The 2013 Fiscal Cliff Deal: What's In It For Students?
The “Fiscal Cliff” was the sharp fall in budget deficits that many politicians believed would occur in 2013, due to spending cuts, tax increases, and a reduction in the budget deficit that was projected to cause a mild relapse in the recession. Thankfully, the country didn’t plunge over any cliffs at the end of 2012 or the beginning of 2013—due to the passage of the American Taxpayer Relief Act of 2012.
Notably, some of the biggest decisions affecting financial aid programs haven’t been made in this deal—they’ve just been pushed back. For instance, the FAFSA was supposed to undergo cuts at the end of the year; that decision has now been postponed. So was the discussion about whether to increase or decrease Title IV student aid funding and the Pell Grant program.
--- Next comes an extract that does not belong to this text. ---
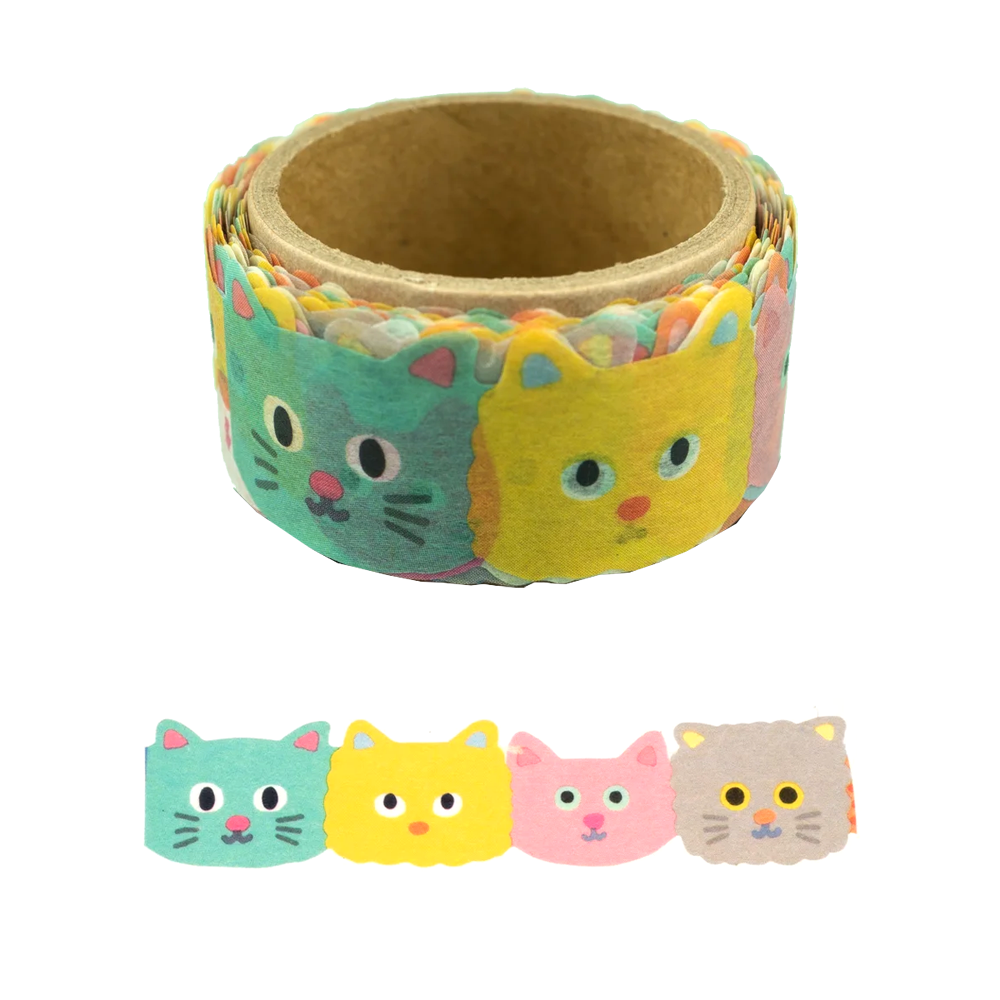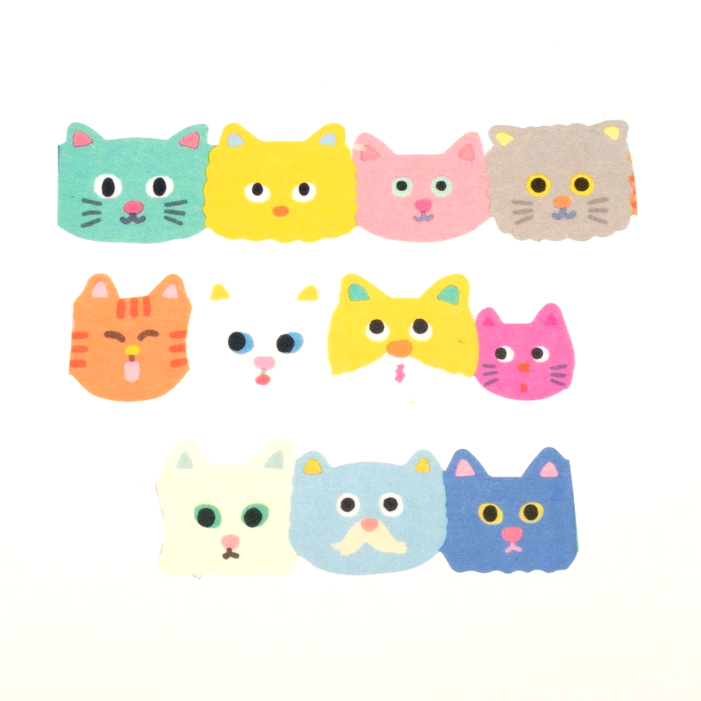 Decorate with this fun die-cut Japanese masking tape. The pattern designed by Tomoko is of a continuous string of colorful cat faces.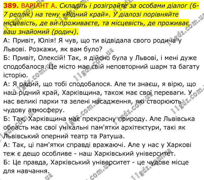 ВАРІАНТ А. Складіть і розіграйте за особами діалог (6-7 реплік) на тему «Рідний край». У діалозі порівняйте місцевість, де ви проживаєте, та місцевість, де проживає ваш знайомий (родич). А: Привіт, Юлія! Я чув, що ти відвідала свого родича у Львові. Розкажи, як вам було? Б: Привіт, Олексій! Так, я дійсно була у Львові, і мені дуже сподобалося. Це місто має свій неповторний шарм та багату історію. А: Я радий, що тобі сподобалося. Але ти знаєш, я вірю, що наш рідний край, Харківщина, також має свої переваги. У нас великі парки та зелені насадження, які створюють чудову атмосферу. Б: Так, Харківщина має прекрасну природу. Але Львівська область має свої унікальні пам'ятки архітектури, такі як Львівський оперний театр та Ратуша. А: Так, ці пам'ятки справді вражаючі. Але у нас у Харкові теж є дещо особливе - наш Харківський університет. Б: Це правда, Харківський університет - це чудове місце для навчання.

However, there are some goodies in this act for students and their families. Here’s an overview of what’s in the American Taxpayer Relief Act of 2012 for you:
An extension of the American Opportunity Tax Credit
This credit allows students and families to write off as much as $2,500 per year for traditional and accredited online college costs. This tax benefit is used by over 9 million families per year, and its extension is likely to make an impact.
See Also: Online Tax Preperation Courses
An extension of above-the-line tuition tax deductions
These deductions allow students and their families to write off between $2,000 and $4,000 in tuition and other associated costs, depending on financial need. The extension will go until December 31, 2013, when it will be open for discussion on whether it will be renewed, increased, decreased, or eliminated.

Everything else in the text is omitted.